DATA SEGMENT »
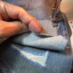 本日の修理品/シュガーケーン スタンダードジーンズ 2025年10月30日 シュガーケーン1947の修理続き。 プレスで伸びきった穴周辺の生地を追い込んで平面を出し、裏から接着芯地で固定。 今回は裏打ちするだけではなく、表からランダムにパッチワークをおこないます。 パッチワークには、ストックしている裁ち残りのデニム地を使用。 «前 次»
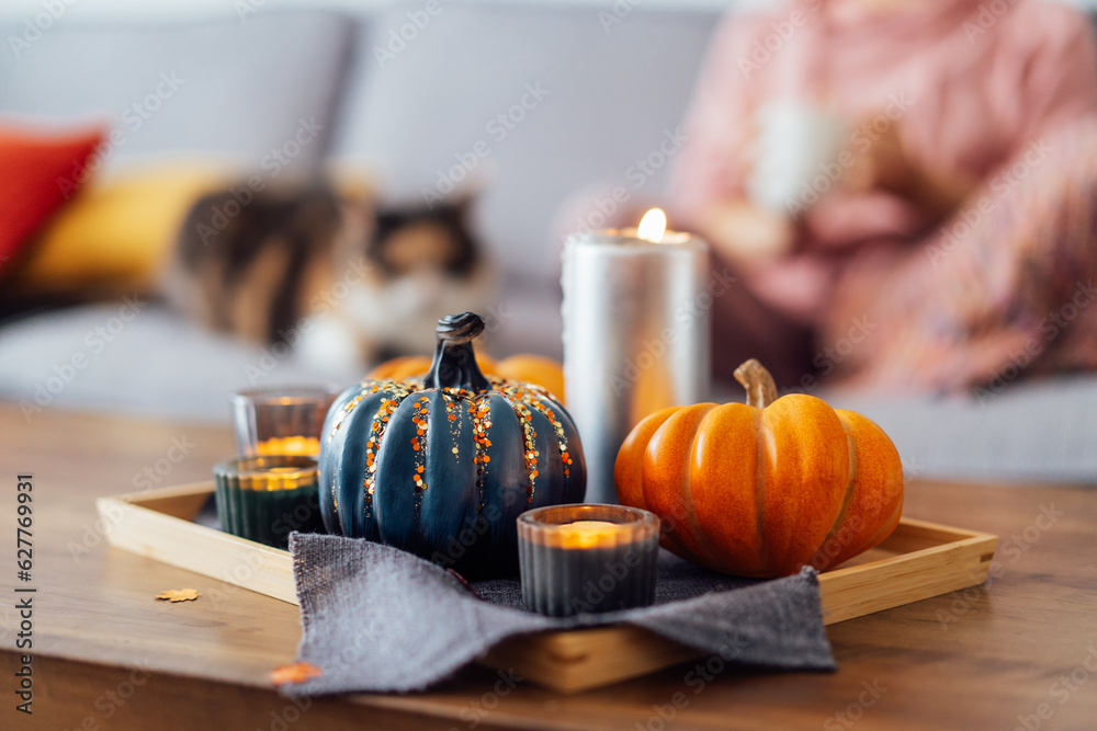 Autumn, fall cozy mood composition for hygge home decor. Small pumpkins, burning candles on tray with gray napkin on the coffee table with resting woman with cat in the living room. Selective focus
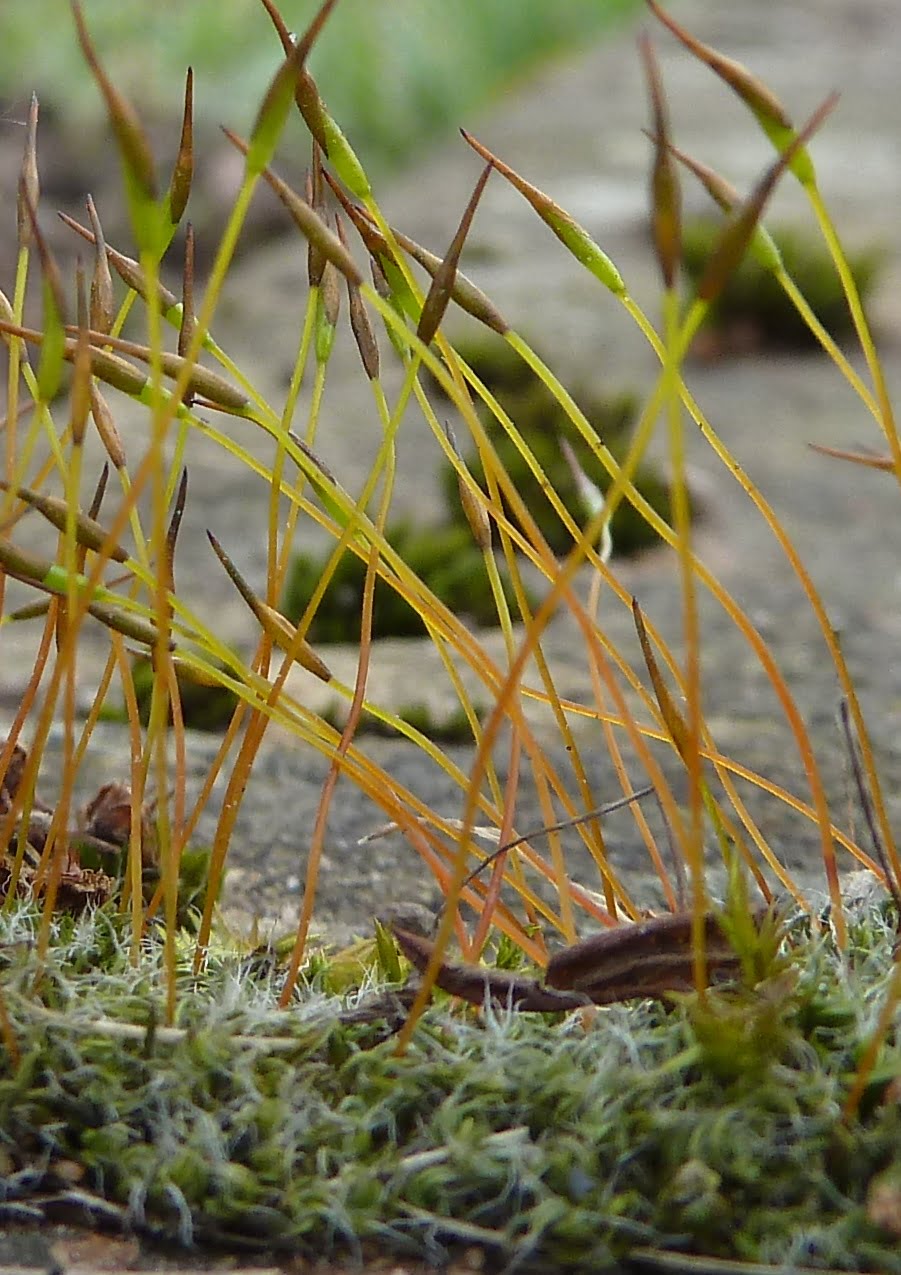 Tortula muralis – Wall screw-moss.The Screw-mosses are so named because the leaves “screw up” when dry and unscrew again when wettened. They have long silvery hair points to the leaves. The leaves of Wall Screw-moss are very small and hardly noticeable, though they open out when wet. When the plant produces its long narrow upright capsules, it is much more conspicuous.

YOUR TASK » Leave every picture out. Retype the remaining data exactly.

SOLUTION FOR THIS EXERCISE »
 本日の修理品/シュガーケーン スタンダードジーンズ 2025年10月30日 シュガーケーン1947の修理続き。 プレスで伸びきった穴周辺の生地を追い込んで平面を出し、裏から接着芯地で固定。 今回は裏打ちするだけではなく、表からランダムにパッチワークをおこないます。 パッチワークには、ストックしている裁ち残りのデニム地を使用。 «前 次»
 Autumn, fall cozy mood composition for hygge home decor. Small pumpkins, burning candles on tray with gray napkin on the coffee table with resting woman with cat in the living room. Selective focus
 Tortula muralis – Wall screw-moss.The Screw-mosses are so named because the leaves “screw up” when dry and unscrew again when wettened. They have long silvery hair points to the leaves. The leaves of Wall Screw-moss are very small and hardly noticeable, though they open out when wet. When the plant produces its long narrow upright capsules, it is much more conspicuous.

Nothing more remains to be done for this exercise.